_Task objective_: Output the data below only from the line containing "Overall, minor damage" up to and including the line containing "- Chế độ cấp", exact and with the pictures left out.

======== Supplied information ========

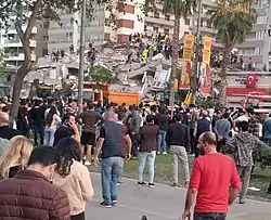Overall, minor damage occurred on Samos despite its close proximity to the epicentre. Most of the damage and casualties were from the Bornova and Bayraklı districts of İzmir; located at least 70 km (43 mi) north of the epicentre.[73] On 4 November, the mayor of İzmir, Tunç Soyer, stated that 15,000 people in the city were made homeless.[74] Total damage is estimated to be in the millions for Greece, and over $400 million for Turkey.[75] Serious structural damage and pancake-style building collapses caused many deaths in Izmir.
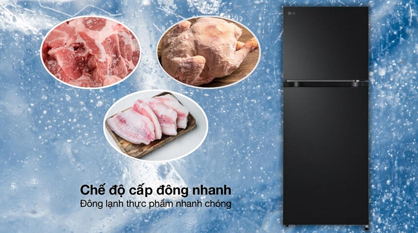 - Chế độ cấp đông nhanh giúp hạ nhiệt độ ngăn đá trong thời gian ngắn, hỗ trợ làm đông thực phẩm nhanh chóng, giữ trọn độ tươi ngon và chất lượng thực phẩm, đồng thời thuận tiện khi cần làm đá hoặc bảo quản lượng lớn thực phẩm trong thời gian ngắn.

========
======== Supplied information ========

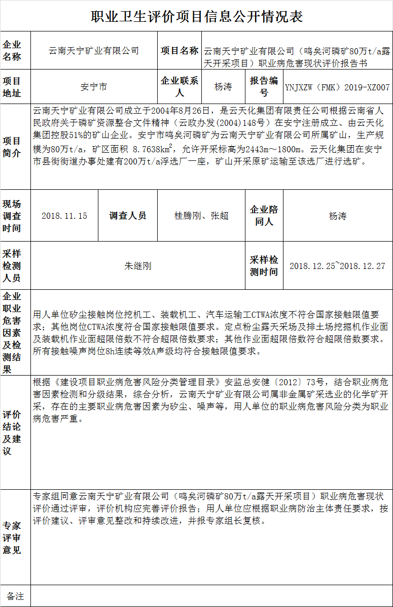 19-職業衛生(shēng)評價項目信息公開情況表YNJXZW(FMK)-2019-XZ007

========

_Answer below_:
Overall, minor damage occurred on Samos despite its close proximity to the epicentre. Most of the damage and casualties were from the Bornova and Bayraklı districts of İzmir; located at least 70 km (43 mi) north of the epicentre.[73] On 4 November, the mayor of İzmir, Tunç Soyer, stated that 15,000 people in the city were made homeless.[74] Total damage is estimated to be in the millions for Greece, and over $400 million for Turkey.[75] Serious structural damage and pancake-style building collapses caused many deaths in Izmir.
 - Chế độ cấp đông nhanh giúp hạ nhiệt độ ngăn đá trong thời gian ngắn, hỗ trợ làm đông thực phẩm nhanh chóng, giữ trọn độ tươi ngon và chất lượng thực phẩm, đồng thời thuận tiện khi cần làm đá hoặc bảo quản lượng lớn thực phẩm trong thời gian ngắn.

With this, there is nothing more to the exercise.